Introduction to geopandas & cartopy#
Note
If you have not yet set up Python on your computer, you can execute this tutorial in your browser via Google Colab. Click on the rocket in the top right corner and launch “Colab”. If that doesn’t work download the .ipynb file and import it in Google Colab.
Then install the following packages by executing the following command in a Jupyter cell at the top of the notebook.
!pip install pandas geopandas matplotlib cartopy mapclassify
Why not pandas?#
Let’s reload again our example dataset of conventional power plants in Europe as a pd.DataFrame.
import pandas as pd
import matplotlib.pyplot as plt
fn = "https://raw.githubusercontent.com/PyPSA/powerplantmatching/master/powerplants.csv"
ppl = pd.read_csv(fn, index_col=0)
This dataset includes coordinates (latitude and longitude), which allows us to plot the location and capacity of all power plants in a scatter plot:
ppl.plot.scatter("lon", "lat", s=ppl.Capacity / 1e3)
<Axes: xlabel='lon', ylabel='lat'>
However, this graphs misses some geographic reference point, we’d normally expect for a map like shorelines, country borders and so on.
Why geopandas?#

Geopandas extends pandas by adding support for geospatial data.
The core data structure in GeoPandas is the geopandas.GeoDataFrame, a subclass of pandas.DataFrame, that can store geometry columns and perform spatial operations.
Note
Documentation for this package is available at https://geopandas.org/en/stable/.
Typical geometries are points, lines, and polygons. They come from another library called shapely, which helps you create, analyze, and manipulate two-dimensional shapes and their properties, such as points, lines, and polygons.

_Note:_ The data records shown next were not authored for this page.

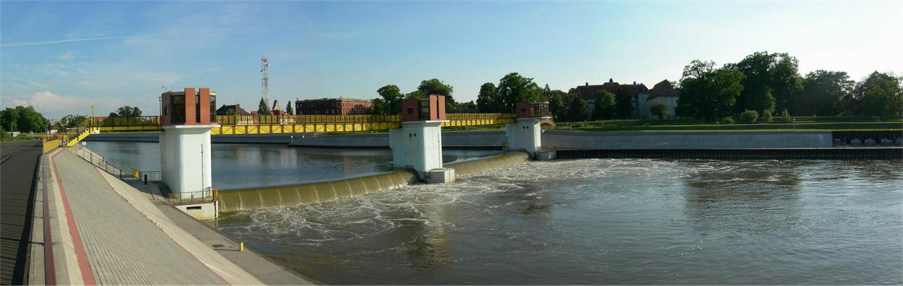 Regulation locks on the Oder river at Koźle.
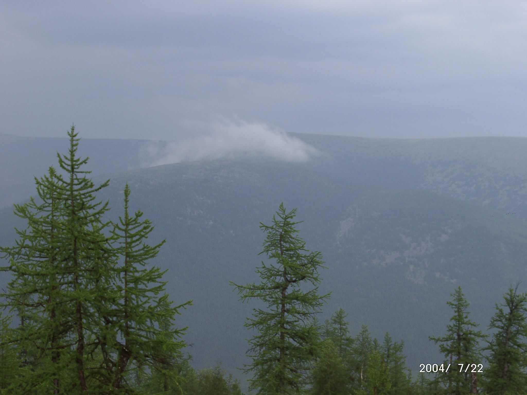 Larix sibirica — in the Taiga forests of the Ural Mountains, Russia. Berezovsky, Khanty-Mansiyskiy Autonomous Okrug — Tyumen Oblast. 64°17'47"N 60°54'10"E
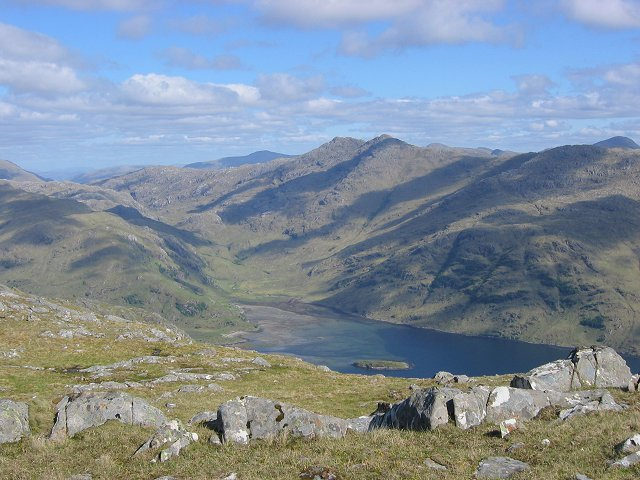 Loch Nevis from Màm Uchd. Màm Uchd is a pass across the Beinn Bhuide ridge. The view is down to the head of Loch Nevis, backed by Bidein a'Chabhair.
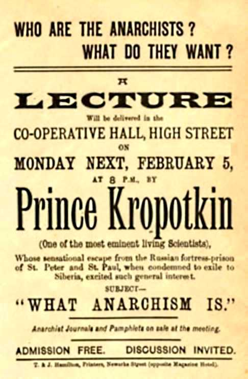 A leaflet promoting a lecture of Peter Kropotkin
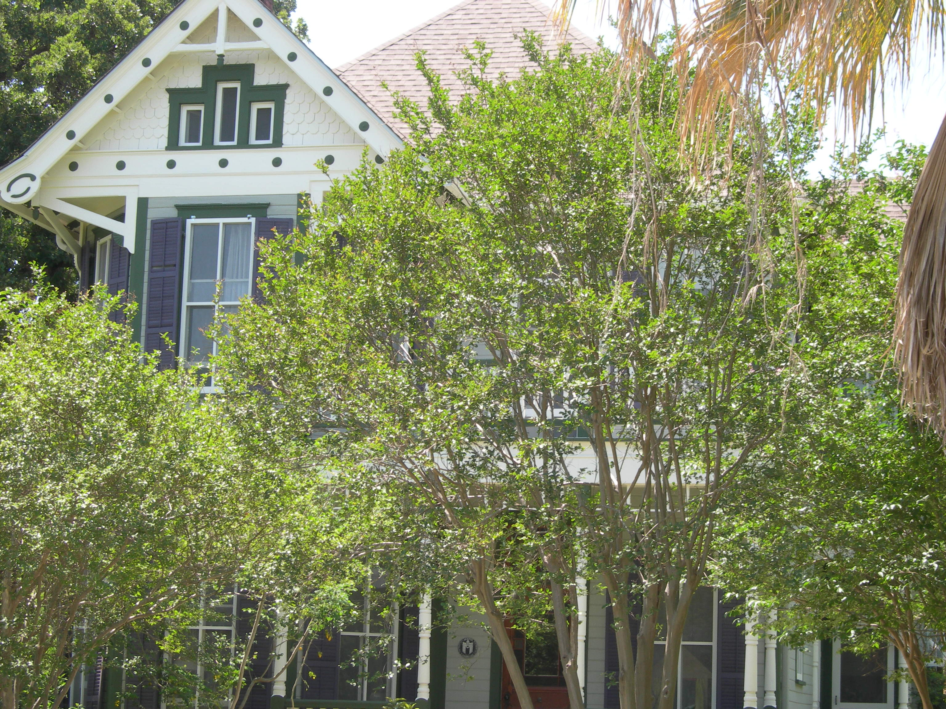 Oliphant-Walker House in Austin, Texas in May, 2008.
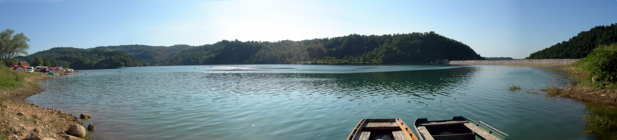 Panoramic view of Sniježnica lake in Bosnia and Herzegovina.
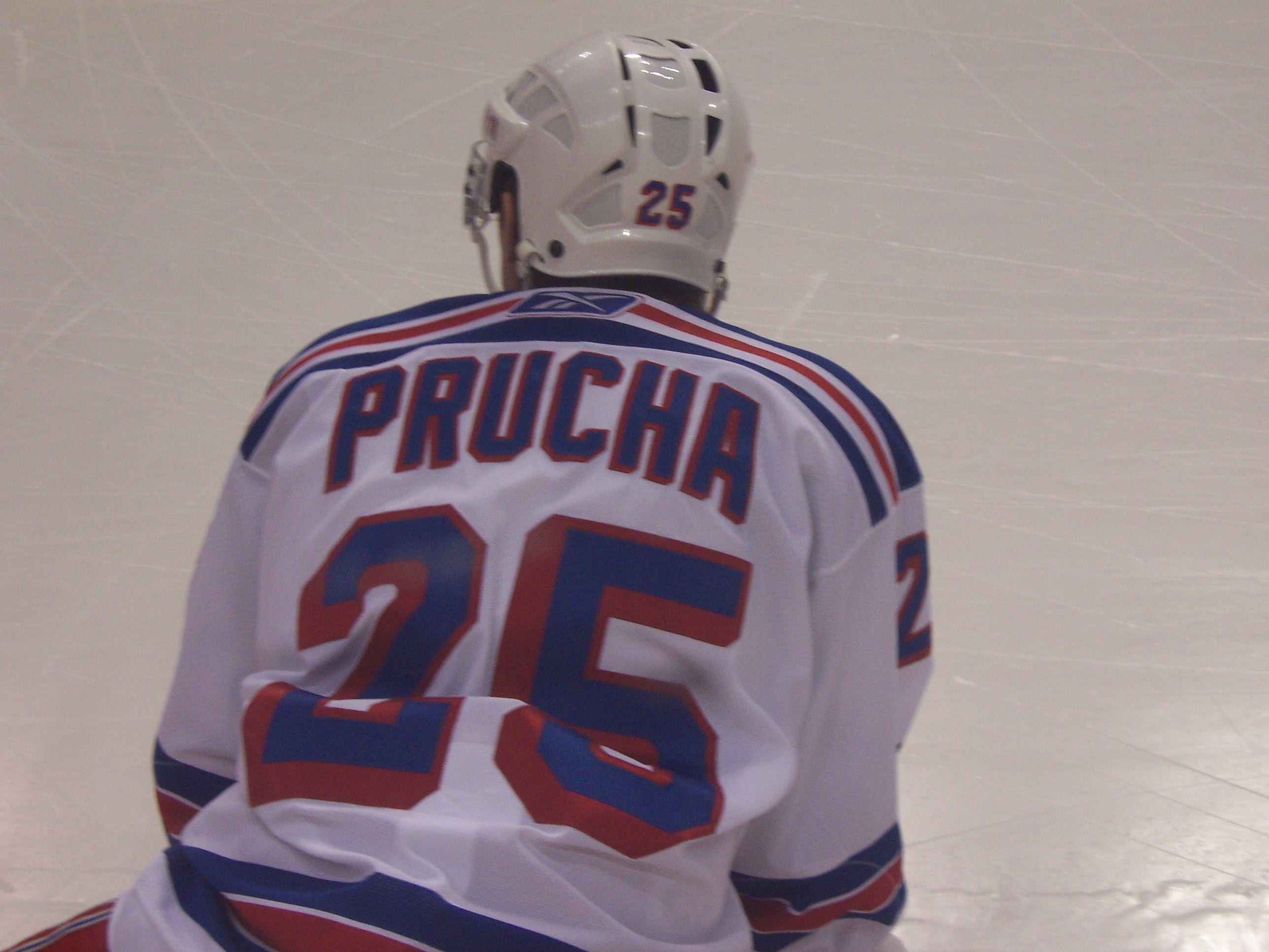 Petr Prucha warming up at the Wachovia Center in Philadelphia before playing the Philadelphia Flyers
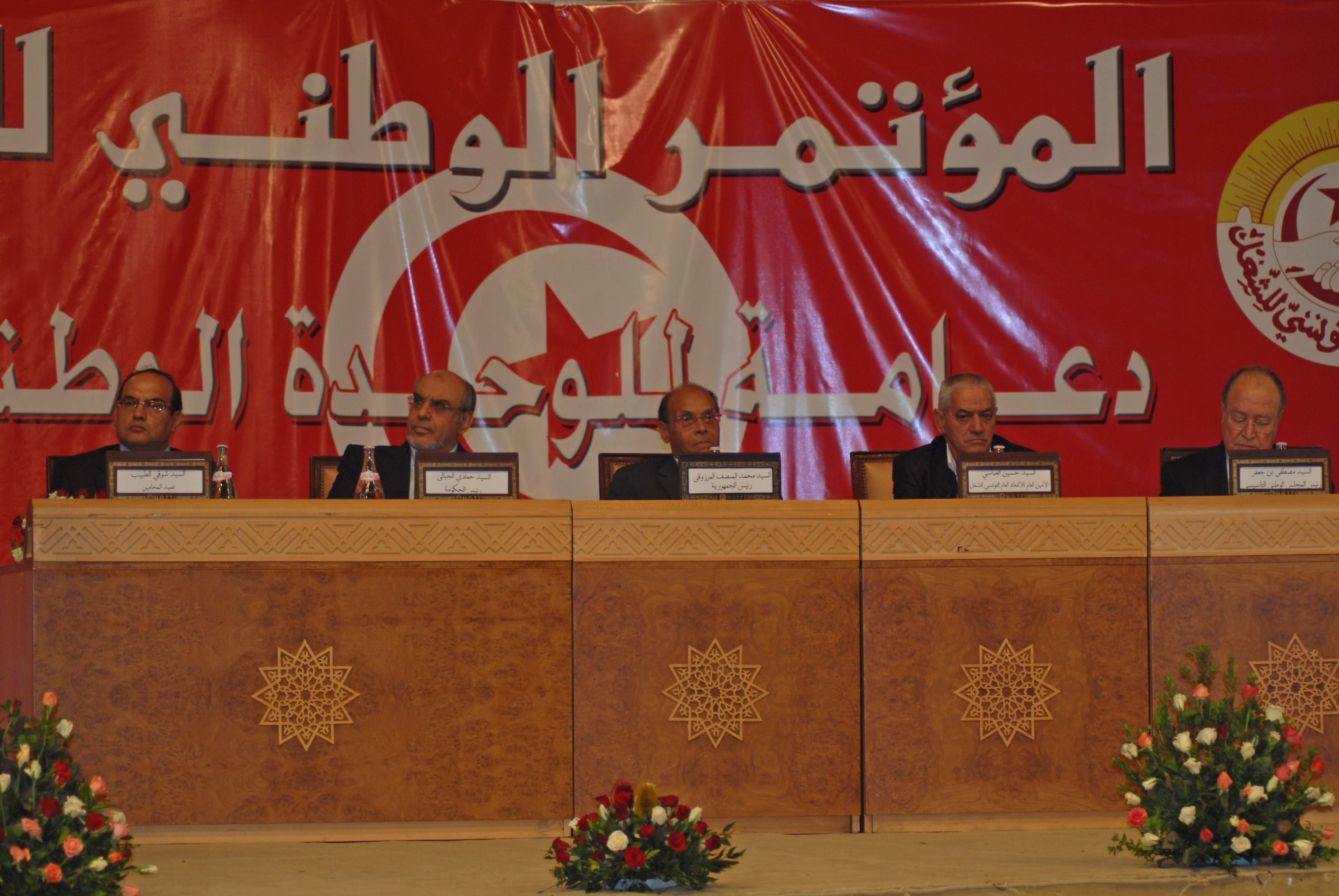 President Moncef Marzouki (centre) and Prime Minister Hamadi Jebali (second from left) attend the October 16, 2012, National Dialogue Congress.[1] from left to right ? Hamadi Jebali Moncef Marzouki Houcine Abassi Mustafa Ben Jaafar
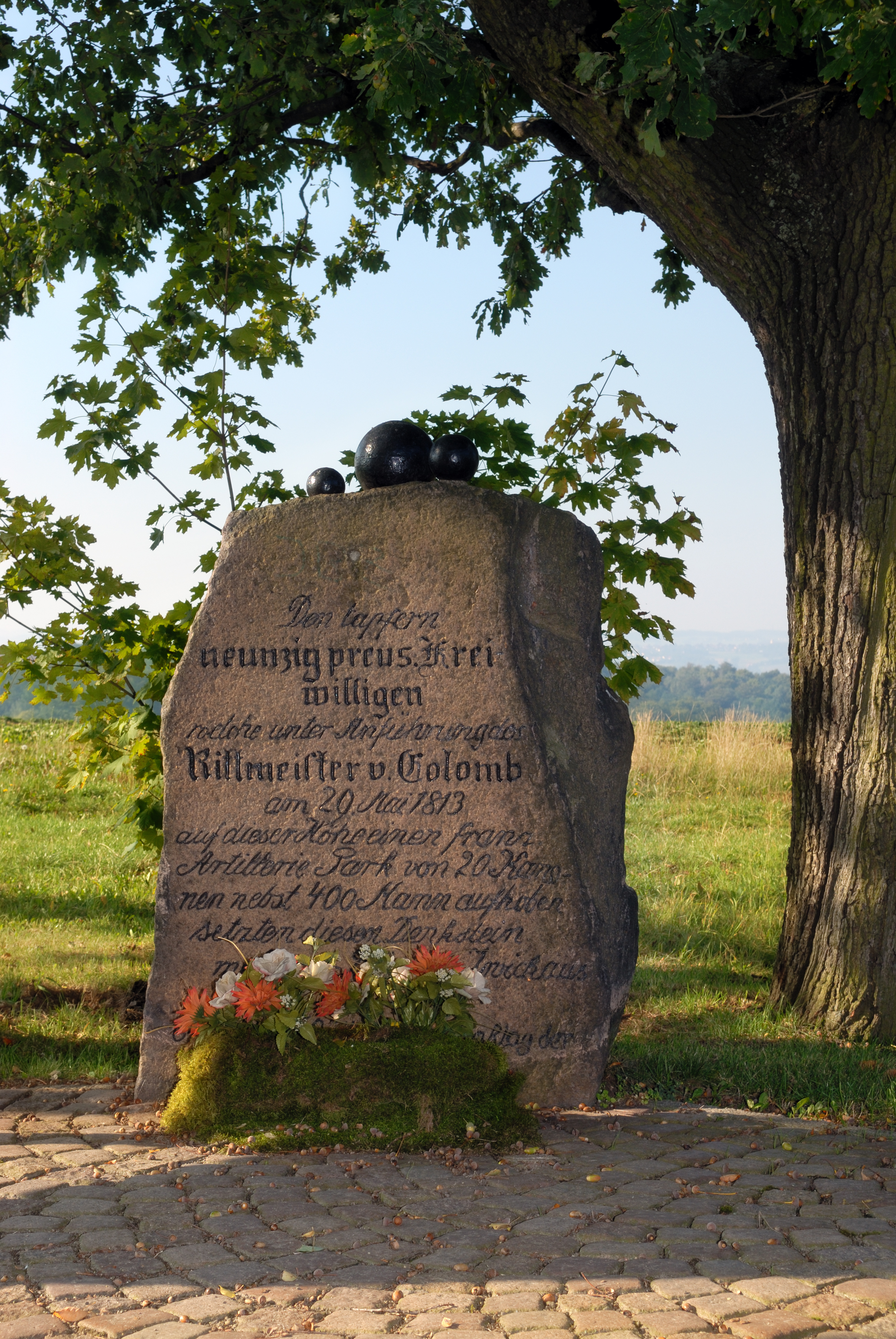 This image shows the Colomb stone ("Colombstein") in Reinsdorf, Germany.

First, we need to import the geopandas package. The conventional alias is gpd:
import geopandas as gpd
We can convert the latitude and longitude values given in the dataset to formal geometries (to be exact, a shapely.Point object) using the gpd.points_from_xy() function, and use this to gpd.GeoDataFrame. We should also specify a so-called coordinate reference system (CRS). The code 4326 means latitude and longitude values, the so-called WGS84 system.
geometry = gpd.points_from_xy(ppl["lon"], ppl["lat"])
geometry[:5]
<GeometryArray>
[ <POINT (7.324 52.473)>, <POINT (9.345 53.851)>, <POINT (3.716 51.433)>,
<POINT (9.176 49.04)>, <POINT (12.293 48.606)>]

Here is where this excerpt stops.